Vorrei esordire con un pensiero positivo: nonostante le difficoltà, le sofferenze e i problemi che affliggono l’Italia e l’Europa, oggi, 25 aprile, è FESTA, festa della Liberazione. Liberazione dalla guerra, dalla dittatura fascista, dalla dominazione nazista, dalla persecuzione politica, dall’op­pressione personale e sociale, dalla miseria, dalla fame.

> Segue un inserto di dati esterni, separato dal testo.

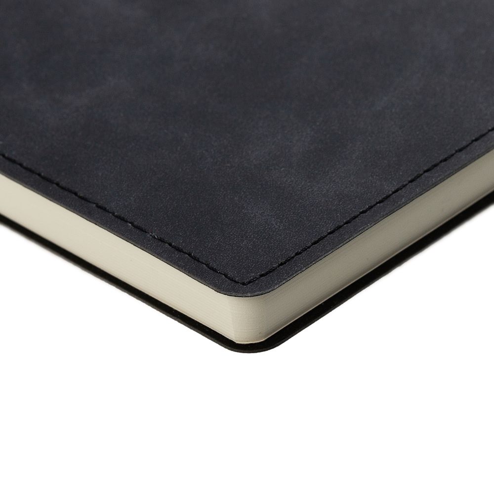 Ежедневник 17х24 см, с гибкой обложкой, выполнен из материала Nubuck Touch, темно-серый ЕЕ, дополнен петлей-лейблом для ручки и двойным ляссе в цвет материала.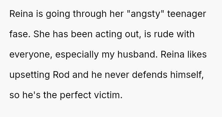 The original poster (OP) acted decisively to defend her husband against a deeply hurtful comment made by her teenage daughter, Reina.

Una liberazione realizzata grazie al sacrificio di donne e uomini che, nella tragica esperienza del secondo conflitto mondiale, scelsero di stare dalla parte più scomoda, più debole, peggio armata, prendendo la via che presentava gli esiti più pericolosi e incerti. Quelle donne e quegli uomini – male armati, poco equipaggiati, braccati e perseguitati, privi dell’organizzazione militare regolare che i loro avversari possedevano (fatta di caserme, di cannoni, di divise ma anche di pasti caldi, vestiti asciutti e giacigli comodi) – combatterono e morirono per dire “BASTA!”: per porre fine alla tirannide e alla guerra, voluta da un regime autoritario, violento, razzista e liberticida. Compiendo quella scelta, essi erano consapevoli della FATICA ma anche della NECESSITÀ MORALE di schierarsi dalla parte della dignità umana, della libertà coniugata con la giustizia, del primato della persona dell’organizzazio­ne democratica dei rapporti politici e sociali.

Ricordare questo significa, qui a Gussago, pensare ai prigionieri fuggiti dal campo di prigionia di Campiani, accolti e aiutati dagli abitanti di Gussago e di Brione; significa ricordare don Giuseppe Potieri, artefice di quell’assistenza insieme a Mario Rossi, che per questo fu arrestato e fucilato a Verona nel gennaio 1944; significa ricordare Angelo Marone, che offrì la sua cascina del Quarone come rifugio per prigionieri sbandati dopo il rastrellamento di Croce di Marone del novembre 1943, e che per questo fu deportato in Germania, dove morì; significa ricordare Giuseppe Biondi, Beniamino Cavalli e Francesco Di Prizio della 122a brigata Garibaldi, che morirono nello scontro a fuoco in località Camaldoli; significa ricordare Mario Bernardelli e Giuseppe Zatti, fucilati a Sella dell’Oca; significa ricordare quanti, qui e altrove, per l’impegno nella lotta di liberazione patirono gli arresti, il carcere, la deportazione, la prigionia, la tortura, la minaccia psicologica, il ricatto degli affetti. Giovani e meno giovani, religiosi e laici, uomini e donne, padri di famiglia e figli ancora ragazzi hanno dato con generosità il loro contributo a costruire la pace attraverso la rivolta morale delle coscienze.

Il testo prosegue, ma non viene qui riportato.